Vincent et Jérémy Dravet sur les montagnes du Pérou. — The Biking Bros'Heart
  • Le duo, qui s'est élancé en 2017, vient d'arriver à Ushuaia, sa destination finale.
  • Ils ont traversé le continent américain du nord au sud à la force des mollets.
  • Leur projet vise à récolter des fonds pour soigner des enfants souffrant de malformations cardiaques.

Mission accomplie ! Deux ans après leur départ de Québec (Canada), Vincent et Jérémy Dravet, deux frères âgés de 26 et 27 ans originaires de Sautron, près de Nantes, ont rallié samedi Ushuaia (Argentine), la ville la plus au sud du continent américain. Au total, ils auront traversé 15 pays et parcouru 32.000 kilomètres. A vélo. Car c’est bien à la force des mollets, en transportant leur matériel de bivouac, qu’ils ont réalisé ce « défi sportif et solidaire » au profit de l’association Mécénat Chirurgie Cardiaque. Grâce à leur mobilisation, 32.500 euros ont été récoltés durant le voyage. Un euro par kilomètre, autre objectif atteint. Pour 20 Minutes, ils racontent leur aventure.

L’arrivée finale à Ushuaia. « Ça a été une grande émotion. Ushuaia, c’est un soulagement, un aboutissement, ça représente tout. Deux ans qu’on n’a que ça en tête ! En plus, on a fini accompagné de quatre cyclotouristes. C’était un beau moment de joie collective. Ça symbolise les magnifiques rencontres qu’on a pu faire. Dimanche, on s’est réveillé en se disant que, pour la première fois, on n’avait pas à rouler, ça fait bizarre. »

Les meilleurs souvenirs. « Les plus beaux paysages étaient peut-être au sud-Lipez, en Bolivie. C’est comme un immense désert à 4.500 m d’altitude, on avait l’impression d’être sur une autre planète ! On a aussi assisté à une éruption volcanique de nuit, au Guatemala, très impressionnant. En Patagonie, on a traversé des paysages avec beaucoup d’eau, beaucoup de cascades, des glaciers. Ça fait prendre conscience de la fragilité de notre planète. On retient également les innombrables animaux croisés en chemin. En particulier des dauphins et baleines aperçus depuis la rive au Chili. »

Vincent et Jérémy Dravet sont arrivés à Ushuaia samedi.
Vincent et Jérémy Dravet sont arrivés à Ushuaia samedi. - The Biking Bros'Heart

Les rencontres. « On a passé pas mal de nuits chez des particuliers, notamment grâce à des sites Internet d’entraide entre cyclotouristes. On faisait des petits plats français pour les remercier. Au Mexique, on a été accueilli une semaine chez une famille à Durango. Ça nous a ouvert les yeux. Il y a eu beaucoup de rencontres spontanées ensuite. On a dormi dans des casernes de pompier, chez la police, dans des écoles, des églises… En demandant l’hospitalité, on nous ouvrait facilement des portes. »
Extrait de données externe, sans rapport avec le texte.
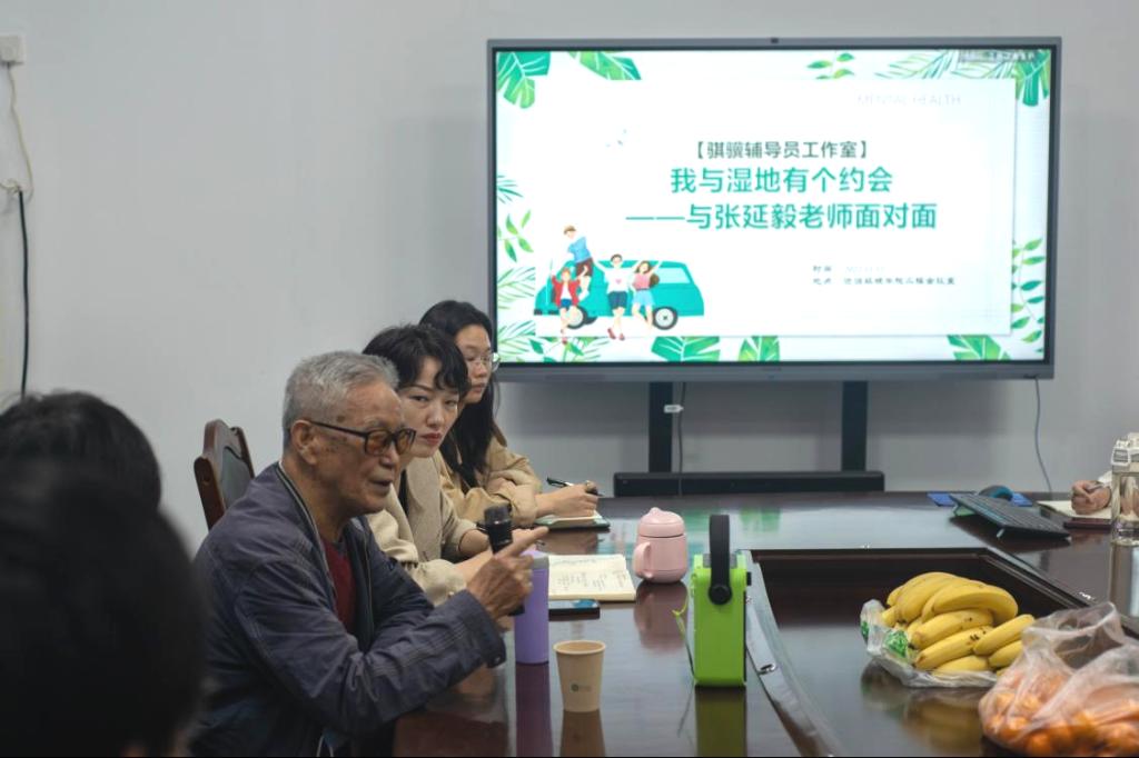 师生交流环节,员工们相继提出“如何将专业知识运用到湿地保护中?”“湿地保护模式如何创新?”张延毅认为,不同专业掌握的具体知识不同,员工们可以在湿地保护中进行团队协作,集思广益。而对于模式创新,张延毅也有自己的看法,他说:“当代的湿地保护应该符合人文的诉求,实现人与自然的和谐共生。”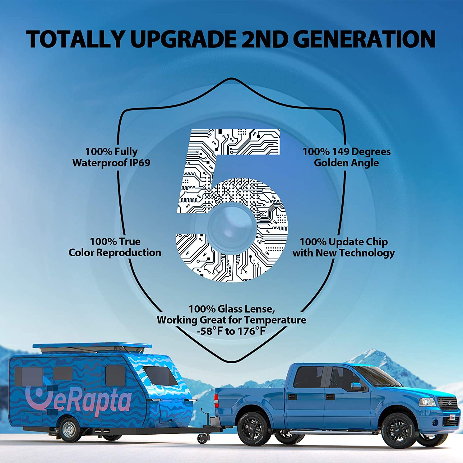 Cámara de Respaldo eRapta A5I, Monitor de 5” 1080P, Impermeable IP69, Sistema de Cámara de Respaldo para Carro/Camión/Remolque/Minivan

Les moments de galère. « Le plus difficile physiquement ça a été le Pérou et la Bolivie. On a été haut en altitude, c’est éprouvant, ça grimpe. On est sorti lessivés. Entre le Chili et l’Argentine, on a également dû pousser le vélo en panne pendant une dizaine de kilomètres sur une piste, sous la pluie, dans le froid. Il y a aussi forcément quelques regrets. Comme au Salvador et au Honduras, deux pays réputés très violents, où on ne s’est pas attardé, on a fait que pédaler. Pareil en Equateur, c’était la saison des pluies, on ne voyait pas grand-chose. »

Les dons pour les enfants malades. « Avant même notre départ, on avait déjà réuni 24.000 euros grâce à diverses actions. On a aussi collecté pas mal d’argent pendant le voyage auprès de locaux et touristes qui ont été touchés par le projet. Aujourd’hui, on est à 32.500 euros. Ça a déjà permis de financer deux opérations d’enfants souffrant de malformations cardiaques (Rihan, originaire du Rwanda, et Maïté, originaire du Burkina). C’est beau. Une troisième opération est prévue si on atteint 36.000 euros ces prochaines semaines. On est confiants. Beaucoup de gens nous aident. »
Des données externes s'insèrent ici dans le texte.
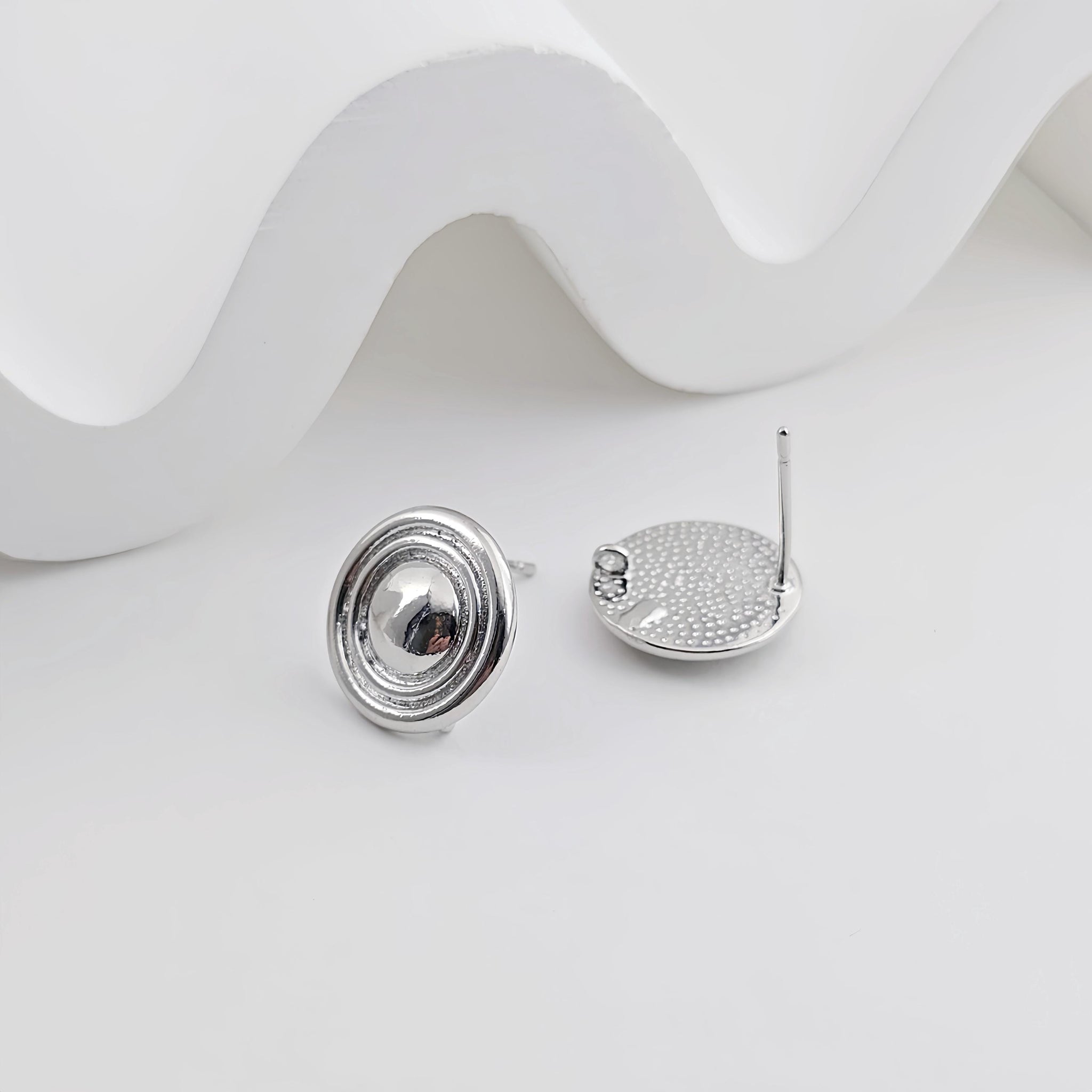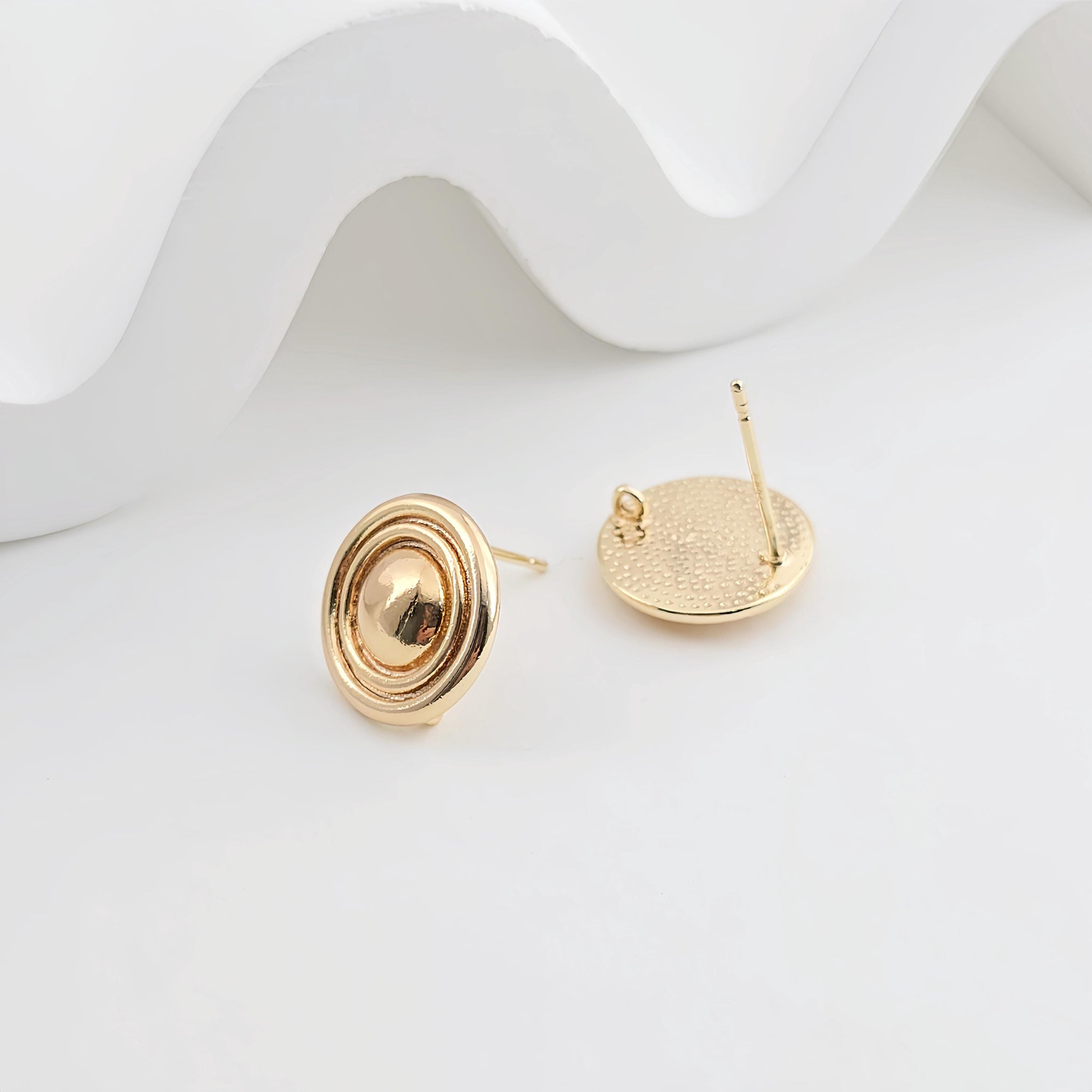 18K Gold Round Engraved Post With Loop, Round Stud Earring Nickel Free, 13.5mm, Hypoallergenic Earring Findings ZX264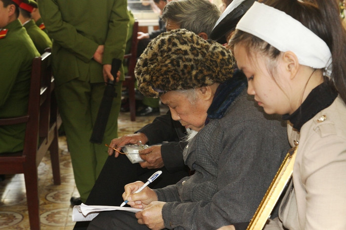 Ông Tín - ông nội cháu Bích ngồi lặng nghe đọc cáo trạng, đôi tay đã nhăn nheo, thỉnh thoảng lại run run đưa lên gạt nước mắt...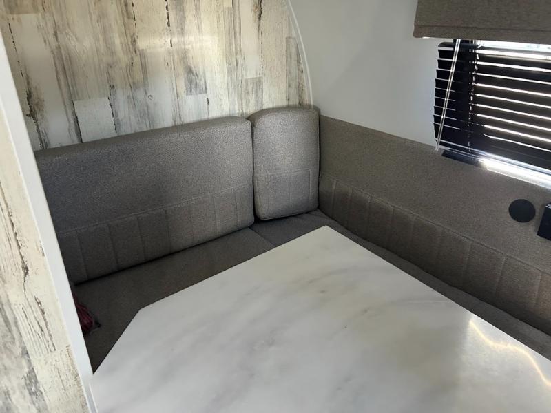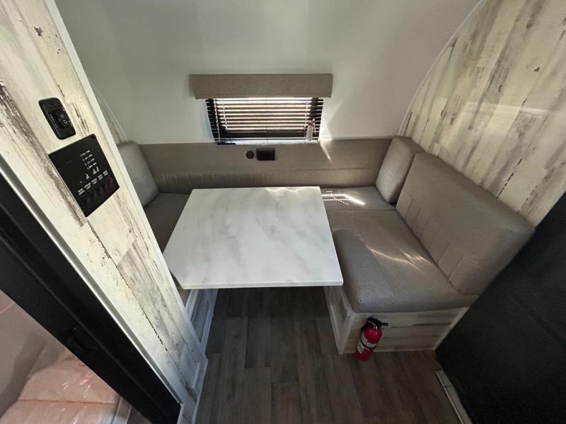 If you're looking for a teardrop trailer with a little more space, check out this Big Buggy BB14! There is a front U-shaped dinette that can convert to cozy sleeping space, a Recpro two burner stove, plus a large refrigerator. You can clean up each day in the wet bath that includes a two way bath vent fan plus a Dometic toilet. The exterior baggage door will keep all your gear secure, and the torsion axle will provide smooth towing from home to campground. There are also a variety of exterior graphics packages you can choose from that best fit your style!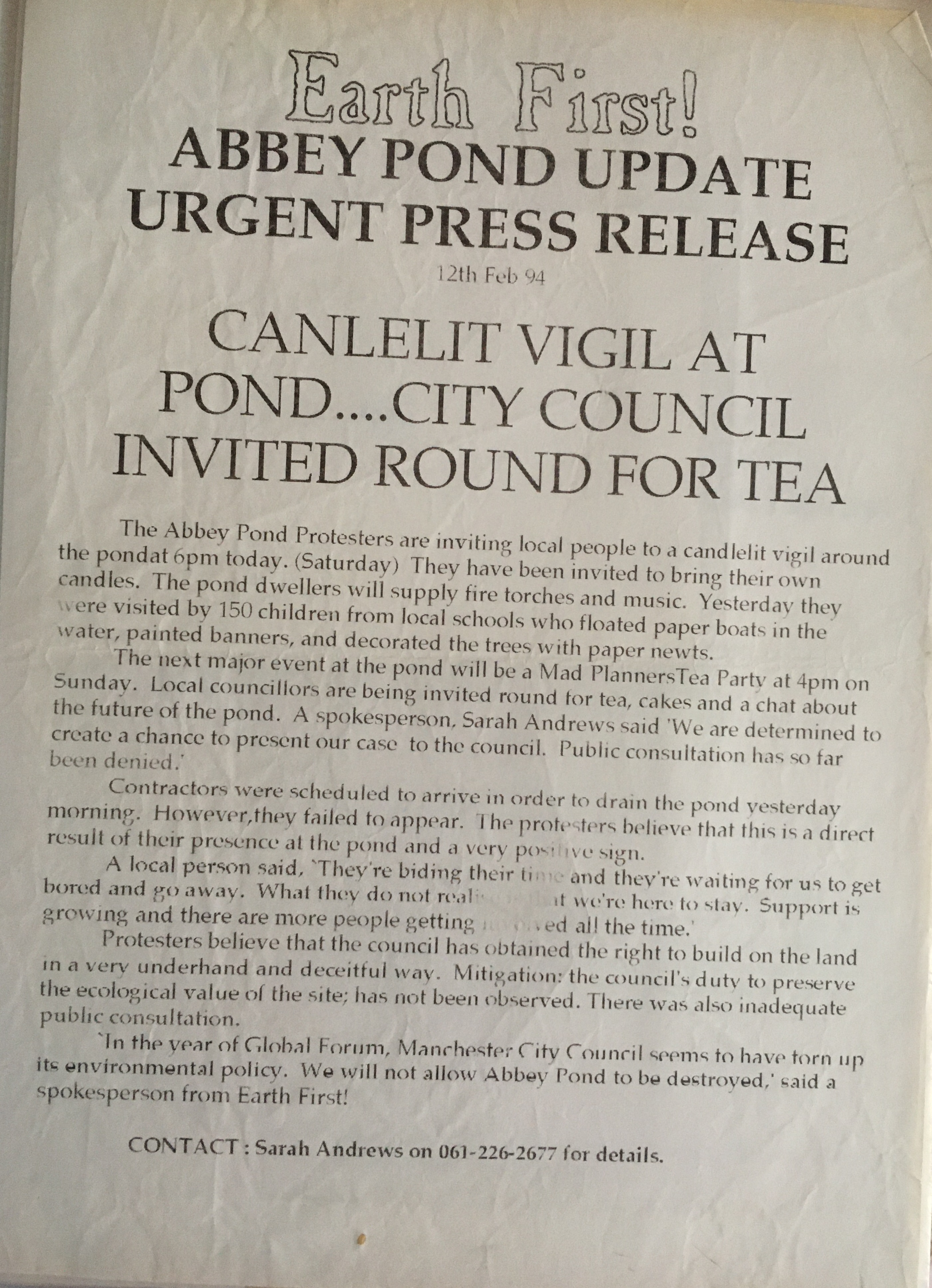 Every day from Friday 11th to Thursday 24th February, a post (sometimes two) will appear on this site, to celebrate the Republic of Newtonia – a brief occupation of a site in Hulme in defence of Abbey Pond (near the Old Abbey Taphouse). In 1994, local people and environmental activists tried to stop the Council and the Science Park from filling in the much-loved pond. If you were there, and want to share your memories (and any photos or other material) please do get in touch via mcmonthly@manchesterclimatemonthly or on Twitter – @mcr_climate

Les atouts du voyage à vélo. « C’est un mode de transport écologique, très pratique, on peut s’arrêter quand on a envie. Il n’y a pas de carrosserie, les gens nous adressent la parole très facilement. Je pense que c’est accessible à tout le monde. On a vu des cyclotouristes de tous âges, de tous profils. Une Américaine de 57 ans qui a vaincu le cancer roulait de l’Alaska à Ushuaia. Ce sont des exemples inspirants. Le plus dur c’est d’accepter l’inconnu lié au voyage. »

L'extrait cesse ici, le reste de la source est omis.